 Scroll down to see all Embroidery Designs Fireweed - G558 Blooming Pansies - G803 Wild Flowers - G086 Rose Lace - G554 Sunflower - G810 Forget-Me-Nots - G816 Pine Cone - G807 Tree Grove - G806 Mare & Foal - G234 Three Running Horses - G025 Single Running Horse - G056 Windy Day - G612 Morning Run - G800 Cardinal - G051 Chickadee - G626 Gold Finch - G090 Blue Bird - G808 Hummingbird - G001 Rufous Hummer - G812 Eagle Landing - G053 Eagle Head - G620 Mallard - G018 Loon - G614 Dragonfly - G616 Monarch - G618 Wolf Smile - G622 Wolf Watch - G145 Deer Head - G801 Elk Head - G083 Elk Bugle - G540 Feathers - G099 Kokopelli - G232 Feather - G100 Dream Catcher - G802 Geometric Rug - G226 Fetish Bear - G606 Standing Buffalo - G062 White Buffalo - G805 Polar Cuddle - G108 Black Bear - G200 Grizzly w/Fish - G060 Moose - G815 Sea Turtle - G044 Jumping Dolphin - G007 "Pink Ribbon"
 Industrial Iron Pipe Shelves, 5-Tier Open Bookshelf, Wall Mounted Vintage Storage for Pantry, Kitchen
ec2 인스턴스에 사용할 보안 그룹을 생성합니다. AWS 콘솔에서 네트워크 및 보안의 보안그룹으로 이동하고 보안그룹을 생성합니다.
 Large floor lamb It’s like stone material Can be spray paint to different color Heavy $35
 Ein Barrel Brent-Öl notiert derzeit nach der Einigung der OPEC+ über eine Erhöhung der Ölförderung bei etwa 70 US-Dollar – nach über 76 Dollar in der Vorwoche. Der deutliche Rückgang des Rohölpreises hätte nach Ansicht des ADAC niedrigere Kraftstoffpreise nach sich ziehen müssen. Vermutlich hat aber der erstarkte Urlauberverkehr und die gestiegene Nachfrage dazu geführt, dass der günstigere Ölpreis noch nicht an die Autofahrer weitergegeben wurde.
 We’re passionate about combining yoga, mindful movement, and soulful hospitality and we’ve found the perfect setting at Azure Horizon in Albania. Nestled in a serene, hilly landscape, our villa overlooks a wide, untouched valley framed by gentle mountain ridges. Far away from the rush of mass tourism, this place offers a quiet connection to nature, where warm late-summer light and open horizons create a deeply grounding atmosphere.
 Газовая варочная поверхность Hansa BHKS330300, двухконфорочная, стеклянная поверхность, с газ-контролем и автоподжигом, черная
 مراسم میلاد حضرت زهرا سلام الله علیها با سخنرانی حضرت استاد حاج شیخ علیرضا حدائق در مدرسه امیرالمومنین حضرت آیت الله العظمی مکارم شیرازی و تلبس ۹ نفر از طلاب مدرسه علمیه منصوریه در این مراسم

· · · ·

Every line of the listing above is to be set down again without any change.

 Scroll down to see all Embroidery Designs Fireweed - G558 Blooming Pansies - G803 Wild Flowers - G086 Rose Lace - G554 Sunflower - G810 Forget-Me-Nots - G816 Pine Cone - G807 Tree Grove - G806 Mare & Foal - G234 Three Running Horses - G025 Single Running Horse - G056 Windy Day - G612 Morning Run - G800 Cardinal - G051 Chickadee - G626 Gold Finch - G090 Blue Bird - G808 Hummingbird - G001 Rufous Hummer - G812 Eagle Landing - G053 Eagle Head - G620 Mallard - G018 Loon - G614 Dragonfly - G616 Monarch - G618 Wolf Smile - G622 Wolf Watch - G145 Deer Head - G801 Elk Head - G083 Elk Bugle - G540 Feathers - G099 Kokopelli - G232 Feather - G100 Dream Catcher - G802 Geometric Rug - G226 Fetish Bear - G606 Standing Buffalo - G062 White Buffalo - G805 Polar Cuddle - G108 Black Bear - G200 Grizzly w/Fish - G060 Moose - G815 Sea Turtle - G044 Jumping Dolphin - G007 "Pink Ribbon"
 Industrial Iron Pipe Shelves, 5-Tier Open Bookshelf, Wall Mounted Vintage Storage for Pantry, Kitchen
ec2 인스턴스에 사용할 보안 그룹을 생성합니다. AWS 콘솔에서 네트워크 및 보안의 보안그룹으로 이동하고 보안그룹을 생성합니다.
 Large floor lamb It’s like stone material Can be spray paint to different color Heavy $35
 Ein Barrel Brent-Öl notiert derzeit nach der Einigung der OPEC+ über eine Erhöhung der Ölförderung bei etwa 70 US-Dollar – nach über 76 Dollar in der Vorwoche. Der deutliche Rückgang des Rohölpreises hätte nach Ansicht des ADAC niedrigere Kraftstoffpreise nach sich ziehen müssen. Vermutlich hat aber der erstarkte Urlauberverkehr und die gestiegene Nachfrage dazu geführt, dass der günstigere Ölpreis noch nicht an die Autofahrer weitergegeben wurde.
 We’re passionate about combining yoga, mindful movement, and soulful hospitality and we’ve found the perfect setting at Azure Horizon in Albania. Nestled in a serene, hilly landscape, our villa overlooks a wide, untouched valley framed by gentle mountain ridges. Far away from the rush of mass tourism, this place offers a quiet connection to nature, where warm late-summer light and open horizons create a deeply grounding atmosphere.
 Газовая варочная поверхность Hansa BHKS330300, двухконфорочная, стеклянная поверхность, с газ-контролем и автоподжигом, черная
 مراسم میلاد حضرت زهرا سلام الله علیها با سخنرانی حضرت استاد حاج شیخ علیرضا حدائق در مدرسه امیرالمومنین حضرت آیت الله العظمی مکارم شیرازی و تلبس ۹ نفر از طلاب مدرسه علمیه منصوریه در این مراسم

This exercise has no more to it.